Saturday, June 29, 2013

Lap Boards

Since I am doing alternative seating this year, I will only have table space for about 12 out of 20 kids.  *GASP!* Where will the other sit to do their work?!  Why the floor of course!

I took it upon myself to take a little trip to Home Depot last week to see what I could find to make my own lap boards (since I will not be buying anything fancy).  I asked an employee where I might find shower board, since I knew that that is what they used to make our white boards at school.

Here it is called "Thrifty White Panel Board.  Thrifty indeed!
I found the stuff, and at $13.65 for a board the size of one of our big white boards at school it was pretty cheap.

I explained to the employee that I needed these to make lap boards for school because I am a teacher (magic words, you'll find) and he was more than happy to cut them to whatever size I needed. Happy day!

He cut them 12 x 18 inches.  Even an adult could use these! :)

I got a solid 15 boards that were exactly 12x18, then an extra 5 more that were like a fraction of an inch off, then an extra little guy that I don't know what his dimensions are.  I'll be keeping 8 of them, and giving the rest to another teacher in my school.  Oh, and I'm sure this goes without saying, but they can be used as dry erase boards too.
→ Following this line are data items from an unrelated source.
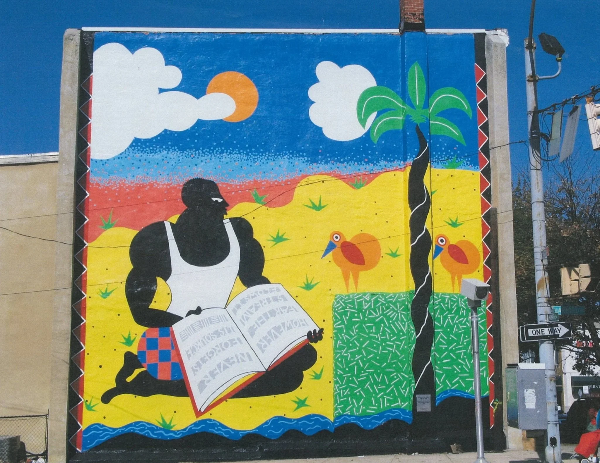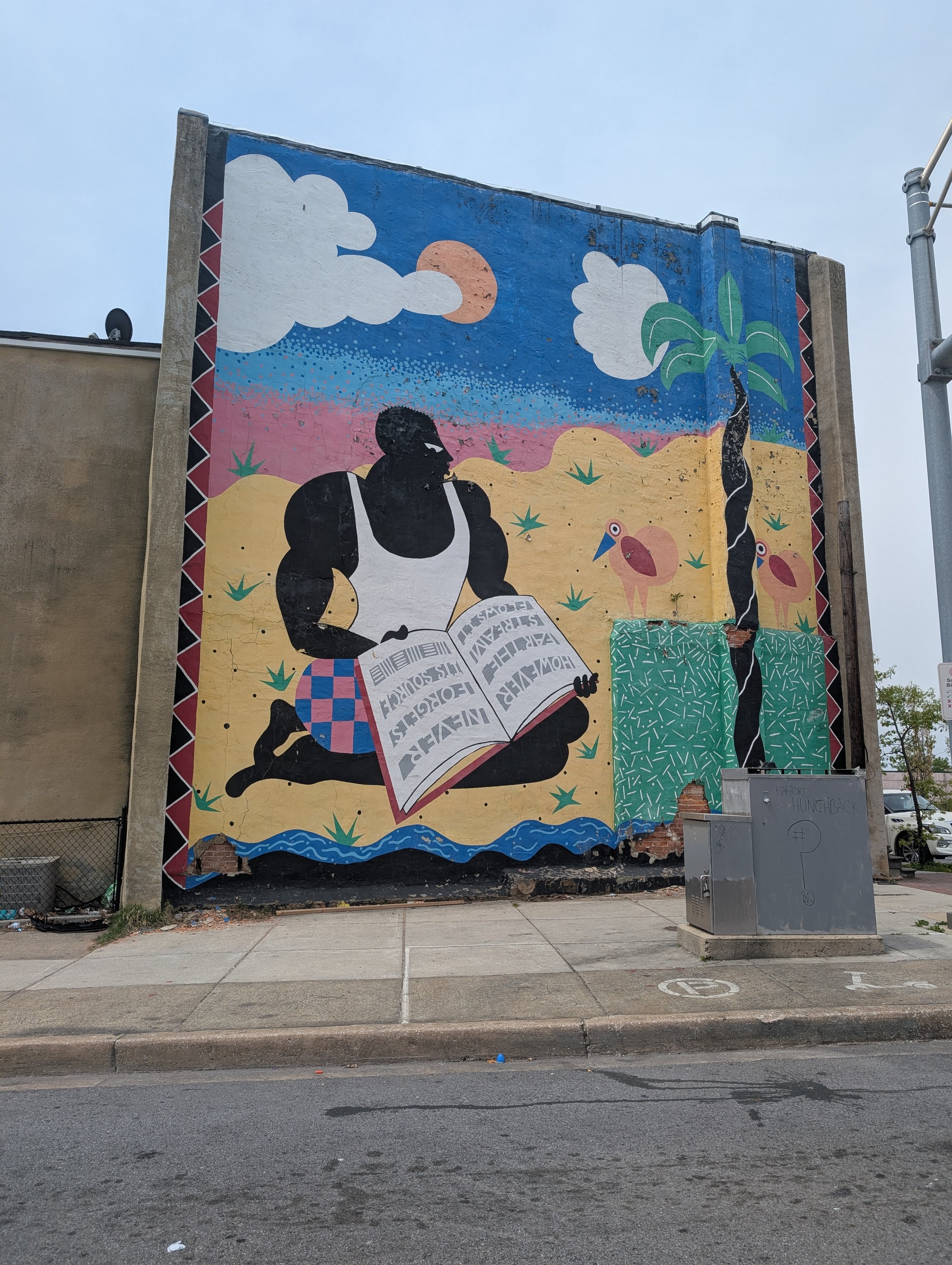 The mural depicts a Black male figure seated on a beach holding an open book. The book bears an African proverb, often attributed to Yoruba tradition: “However far the stream flows, it never forgets its source,” emphasizing the importance of remembering one’s origins and heritage. Measuring approximately 40 x 40 feet, the mural is one of six public murals Miller created in Baltimore between 1991 and 1998, three of which remain today.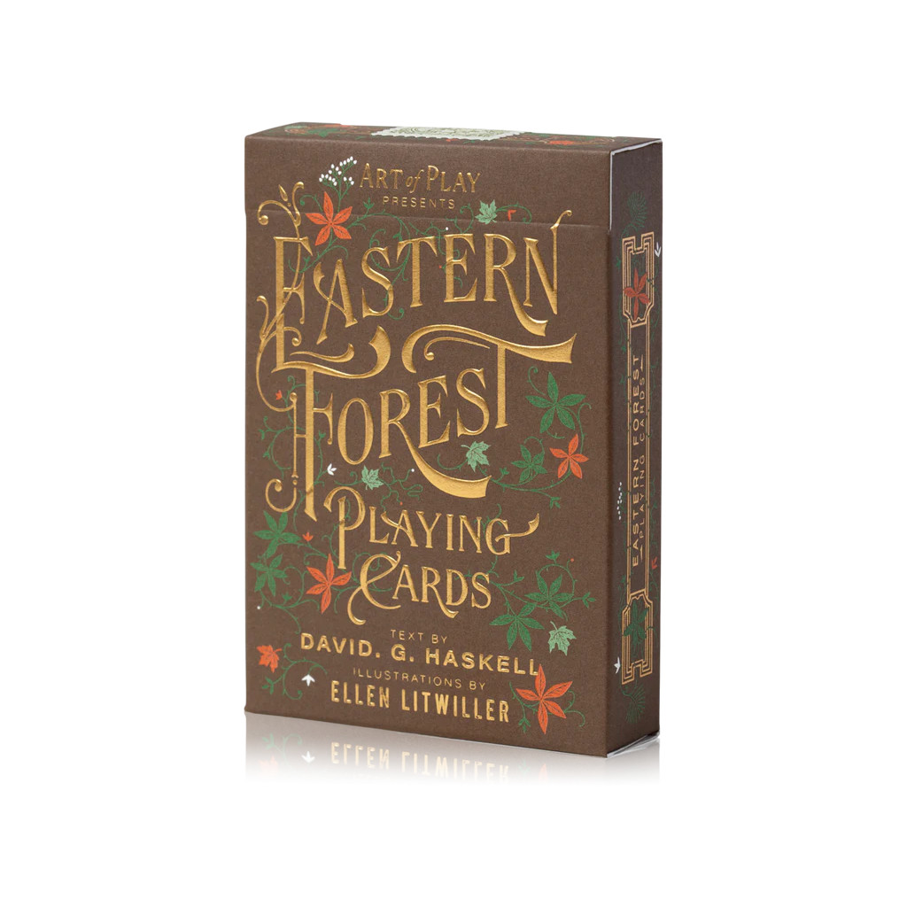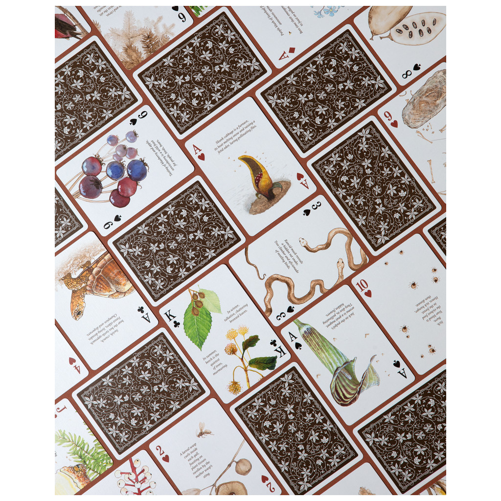 Text by David G. Haskell with illustrations by Ellen Litwiller. Printed by The U.S. Playing Card Co. on FSC® certified Paper. Packaged in a beautiful foil-stamped tuck box.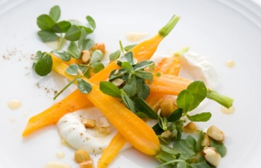 Menge Zutat 15 junge Biokarotten 250 g Naturjoghurt 1 Bund Portulak Salat 1 Bund Vogelfuß-Hahnenklee 125 g Mandeln, grob gehackt 1 C [...]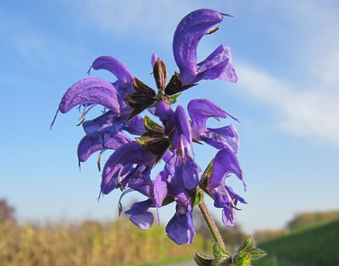 快樂鼠尾草的高可達1公尺,花朵為穗狀花序,精油是由黃色或紫色的花苞所蒸餾,主要產地為匈牙利、保加利亞及法國。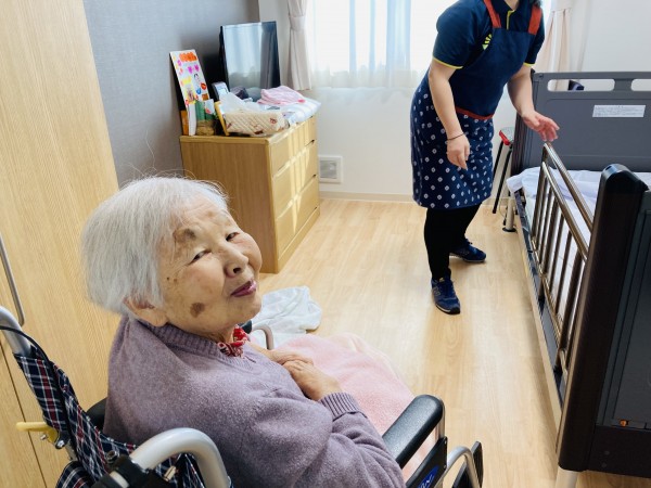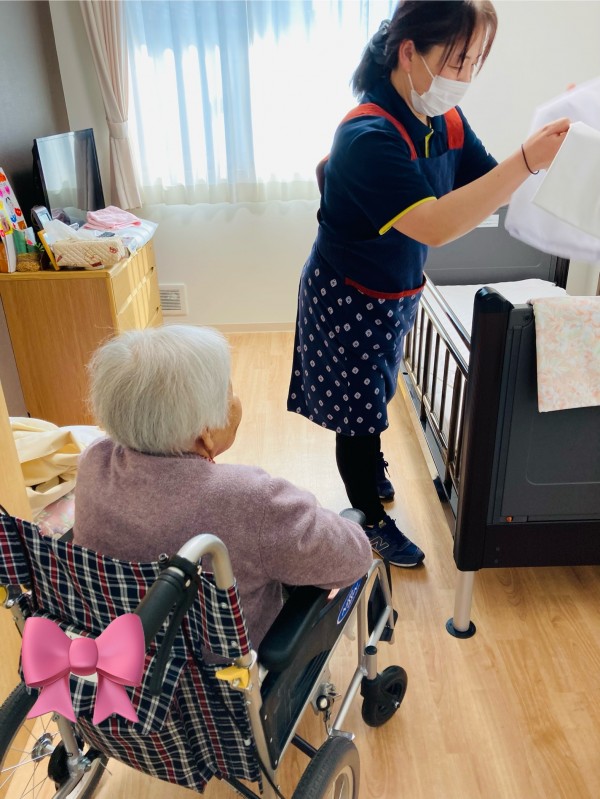 シーツ交換をしている職員にお礼を言いにお部屋へ♪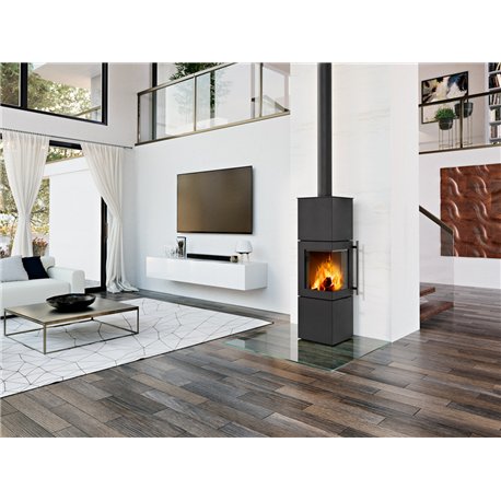 Akumulační krbová kamna ESQUINA H zaujmou kompaktními rozměry, čistými liniemi a výrazným rohovým prosklením, které nabízí působivý pohled na oheň z více úhlů. Skvěle zapadnou do moderních interiérů a přinesou stylové i funkční řešení vytápění.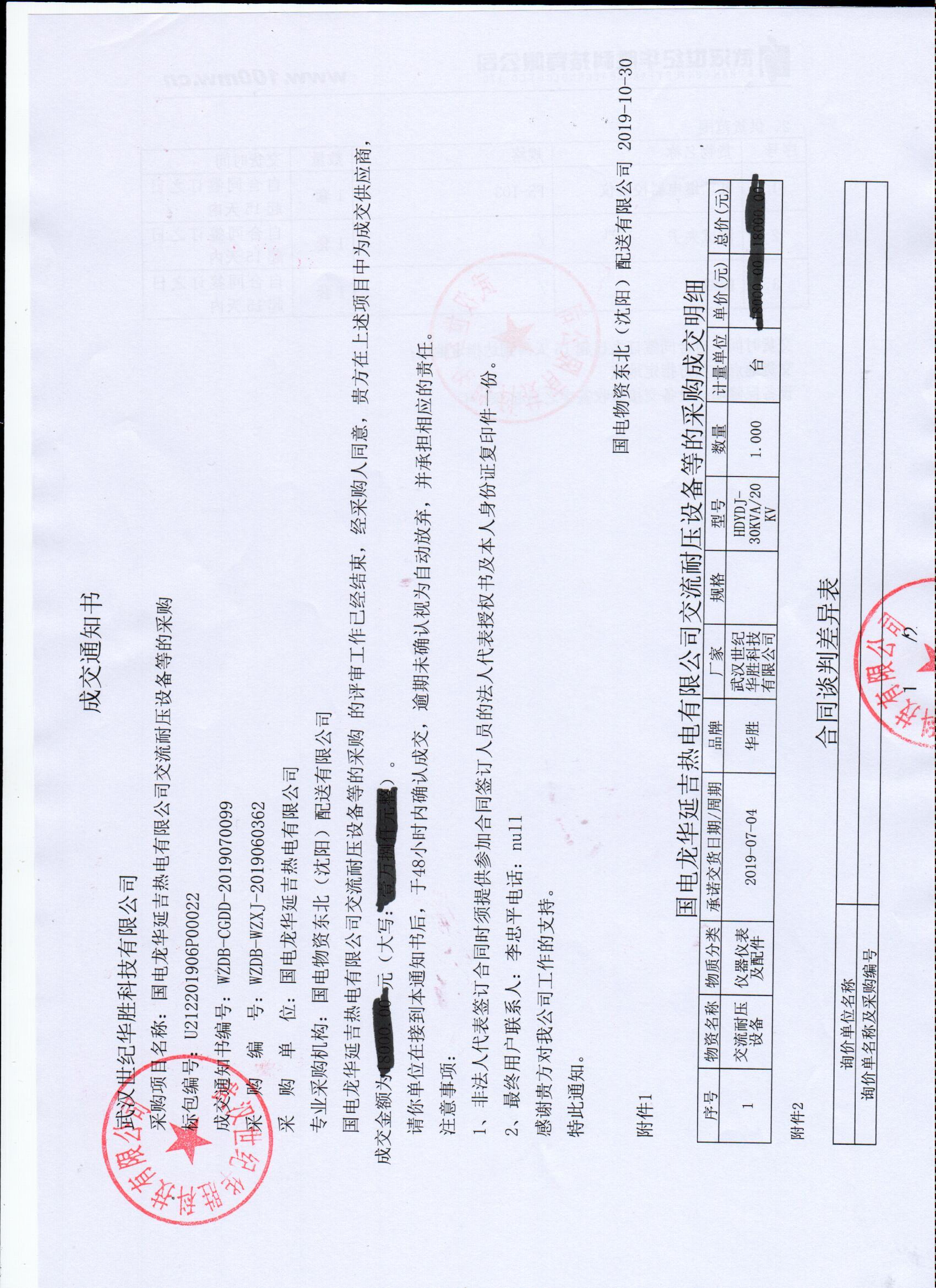 國電龍華延吉熱電有限公司交流耐壓設備等的采購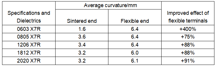 Since the flexible termination absorbs most of the mechanical stress from the bending of the circuit board, the bending degree of the circuit board required for the tearing of the multilayer ceramic capacitor is significantly improved.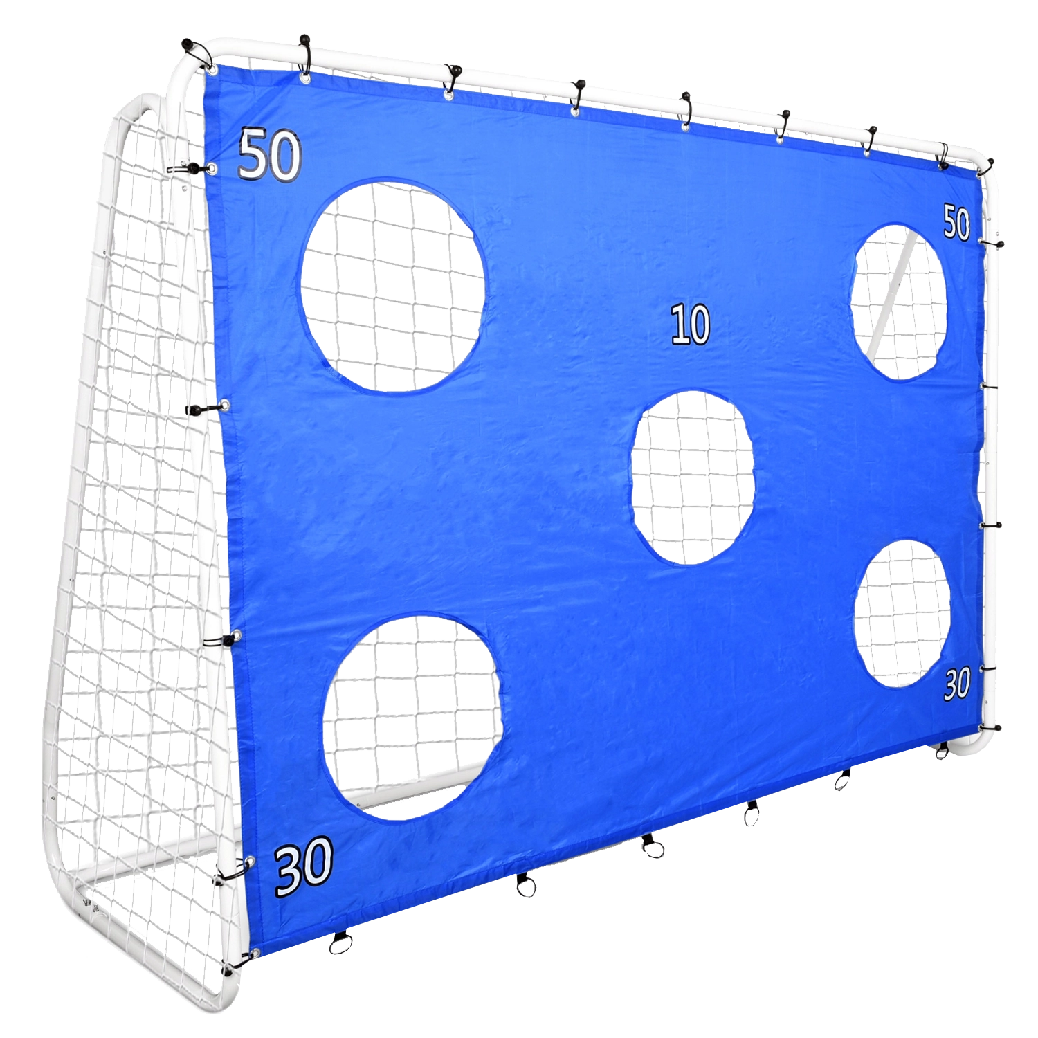 Améliorez la précision et la puissance de vos tirs grâce à la bâche cible à ouvertures incluse, qui transforme chaque séance en défi. Le cadre en acier avec tubes à paroi épaisse et ancres au sol assure la stabilité, tandis que le filet de qualité arrête les ballons en toute sécurité.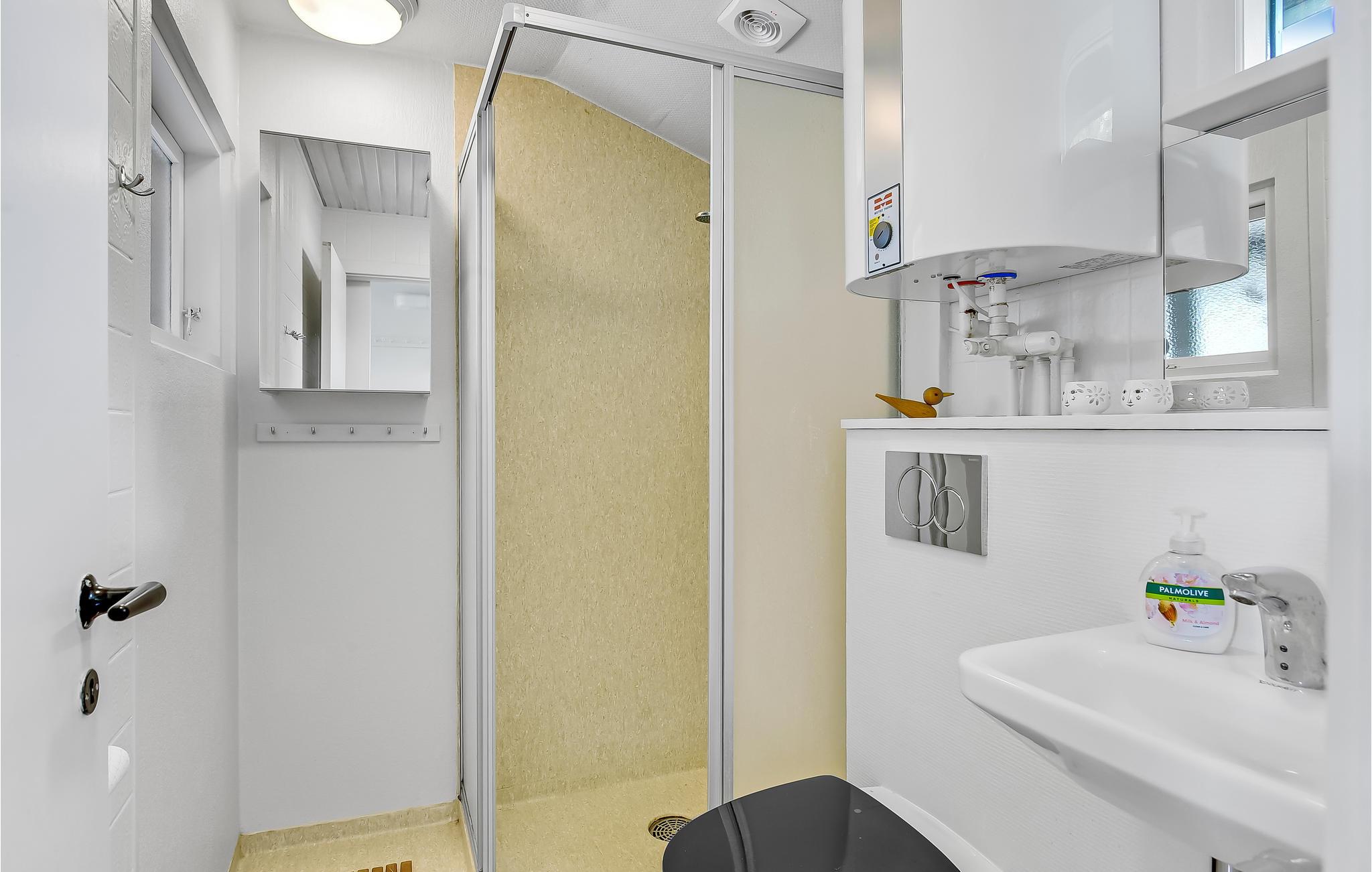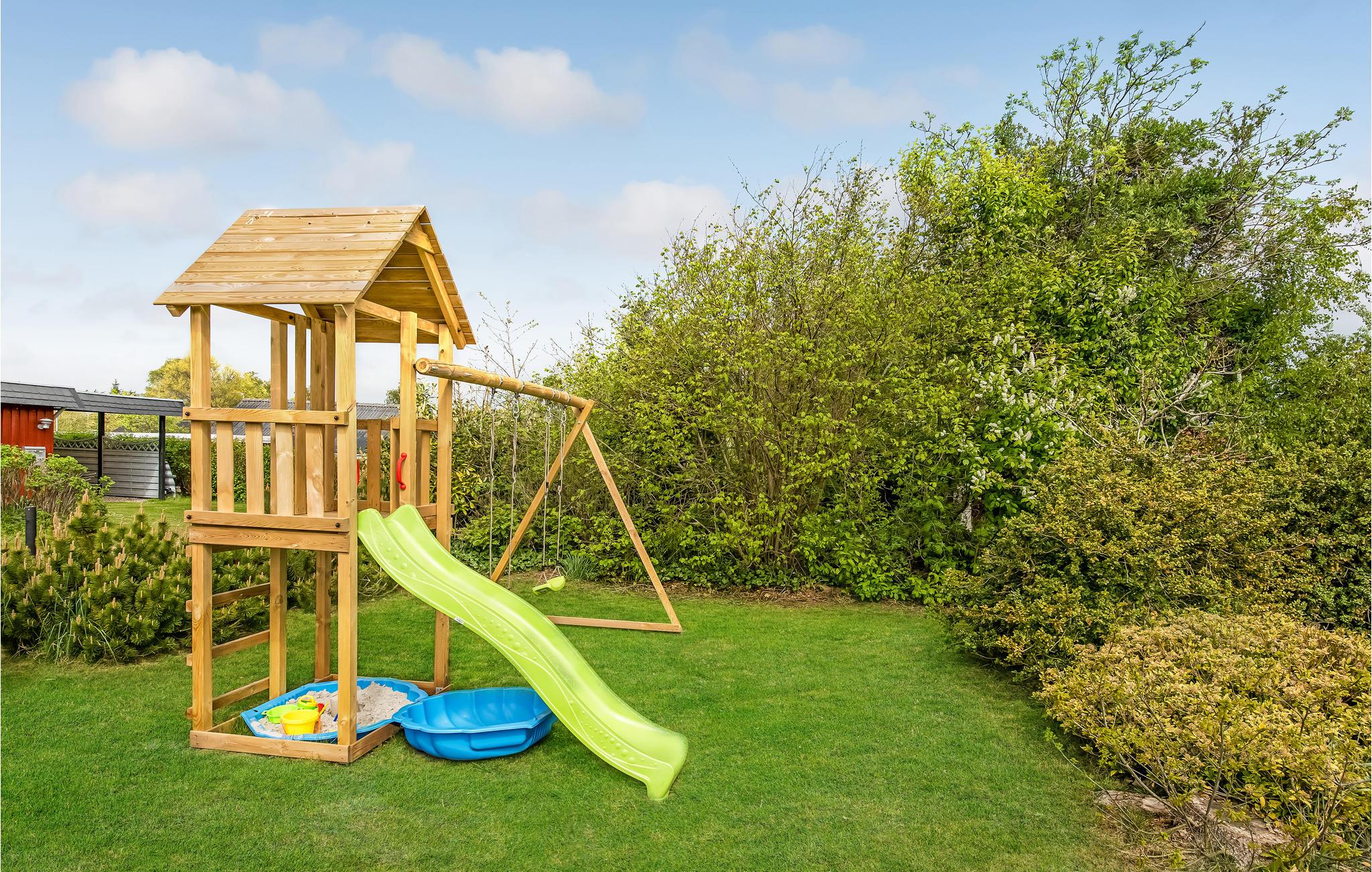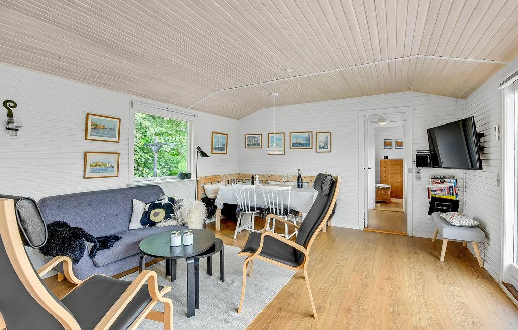 Dette hyggelige feriehus er beliggende i 2. række, kun 100 meter fra vandet. En lille sti fører direkte ned til den dejlige strand og Østersøens rene badevand. Husets moderne og veludstyret køkken ligger i åben forbindelse med spiseafdelingen og opholdsstuen. I stuen er der både en brændeovn og en energivenlig varmepumpe, som I kan bruge på de kølige dage og aftener. Overalt vil I opleve lyse og indbydende rum. Der er også en dejlig havestue, hvor I kan nyde naturen indefra, hvis vejret ikke er til udendørs aktiviteter. Over alt i huset kan I bruge den trådløse internetforbindelse.

Another thing worth mentioning...

At the Daily 5 conference that I attended last month, The Sisters said that having kids lie on the floor using a lap board to write works wonders for kids with underdeveloped fine motor skills.  These are typically the kids that have great gross motor skills (typically highly active boys) that try to use the larger arm muscles to make up for their little hand muscles.  The result is very sloppy handwriting and fleeting stamina.  Here is what they said to do:

Have the child use a lap board and lay them on their stomach with their paper and lap board out in front of them.  Have them prop themselves up on their elbows, and let them write like that.  This way, their elbow acts as an anchor, forcing them to rely on the smaller hand muscles that they clearly need to develop.

The sisters say that it may take a week or two, but they will progress so much faster than if they were sitting at a desk doing drill after handwriting drill.  Sounds good to me!